Btw, for anyone wondering what the article said, (from memory,) it referred to Rostropovich`s contributions to the cello repertoire, in the sense that he inspired many composers to write pieces for the instrument, (and himself.)
 

NEB

New member
I once had the great pleasure of being in the orchestra for him playing the Dvorak. A real treat that still resonates in my ears many years later.
 

Andrew Roussak

New member
One of the amazing features of Mstislav Rostropovich was the rare ability to learn by heart the new material in the very short terms - which made it possible for him, to be the very first performer of a great number of the new concerts and sonatas, written by Russian and western composers.

It is very well known that Rostropovich was a close friend of Shostakovich, Prokofiev, Solzhenitsin. Rostropovich was a merry and open-hearted man, a heart and soul of the company; he could easily improvise a speech on any occasion.

I once heard on the radio, how the cello concerto of Shostakovich, written especially for Rostropovich, was performed for the very first time. They played it together in the Moscow flat of Shostakovich, whereas the composer played the orchestral score as a piano accompaniment. Having finished this, the both were very excited; they congratulated each other and marked the expected success of a newly born masterpiece drinking a little bit vodka together. Then they repeated the performance, which was now even better. They raised a toast once again and played the concerto one more time, whereas Shostakovich tended more and more to improvising rather than following the score, and Rostropovich sometimes found himself playing by heart the excerpts from another pieces of his repertoire...
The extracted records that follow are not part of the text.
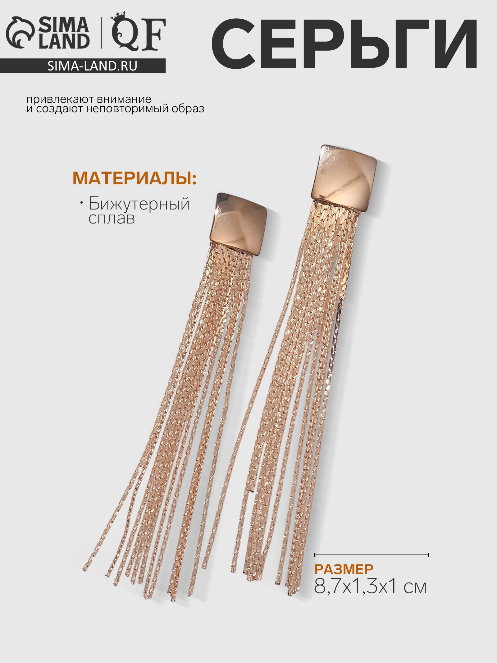 Серьги висячие "Голливуд" квадрат с нитями, цвет розовое золото, 8.7см, 1.3x8.7x1 см., QF, Китай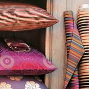 如果家里需要一組布藝,可以考慮多幾種選擇。在色彩上盡可能挑選東方的艷麗顏色,比如西亞的橙色、紅色以及金色,而東方傳統(tǒng)的花朵圖案本身也具有十分艷麗的色彩,艷粉色、紫色、金色穿插使用,營造出濃厚的東方韻味。其中也可以擺放少量子力學(xué)的條紋布藝,調(diào)和東方艷麗色彩的濃稠感。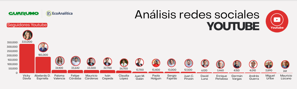 El abogado Abelardo de la Espriella, junto con Paloma Valencia, también figuran entre los más activos en YouTube, manteniendo comunidades estables aunque con menor viralidad.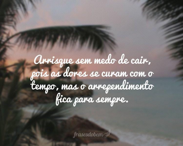 Arrisque sem medo de cair, pois as dores se curam com o tempo, mas o arrependimento fica para sempre.

Rostropovich loved Russia with all his heart but, in the same way as Rachmaninov, Nabokov, Nuriev, was just unable to conform his private life to the standarts ordered by the Soviet regime. In the beginning of 70-s, he gave a shelter to a dissident writer Alexander Solzhenizin. After it , Rostropovich together with his wife Galina Vishnevskaya was compelled to leave the country himself. In 1978, he was deprived of the Soviet citizenship - it was returned to him only in 1990 by Mikhail Gorbachev.

On 19. 08. 1991, the communist headliners had made their last attempt to seize the power in the USSR . Having seen a reportage about it on a TV, Rostropovich rushed to the airport ( he was in Paris that time ) and in the evening of the same day he was in Moscow, together with those who defended the Parliament House. His short speech from there was aired live by the only still functioning Russian TV-channel and then several times repeated - and I still can remember it. Rostropovich took a Kalashnikov machine gun from one of the soldiers and said: " I hate the weapons and never thought I would even touch this ugly thing. But today, I'm proud to be among those, who fight for the freedom and democracy of my country".

Rostropovich was a player of the highest technical and creative level a man can only attain. His life was not all the time easy, but it was wonderful and sparkling. He marked his own era in the music of the 20 Century - like Rachmaninov, Richter, Gould, Ashkenazi. I wonder if the future generations of musicians will think and speak of him in the way we speak of Paganini today.

God may bless his soul and the long memory of him.
 

Ouled Nails

New member
Thank you Rojo and Andrew. The world has just lost a giant and I just didn't want to reply to Rojo's overture if nobody else did. (Where are the Danish classical music lovers, anyway!). No website dedicated to classical music can respond silently to this great master's passing -- if it does, it simply is not a website for classical music lovers. Sorry to be so forceful here but would any culture remain silent if one of its greatest heroes had died? The likes of Rostropovich, in my most sincere opinion, cannot be matched by current performers. The world has recently lost one who among performers is the equivalent of its most outstanding composers.

Silence? NOT!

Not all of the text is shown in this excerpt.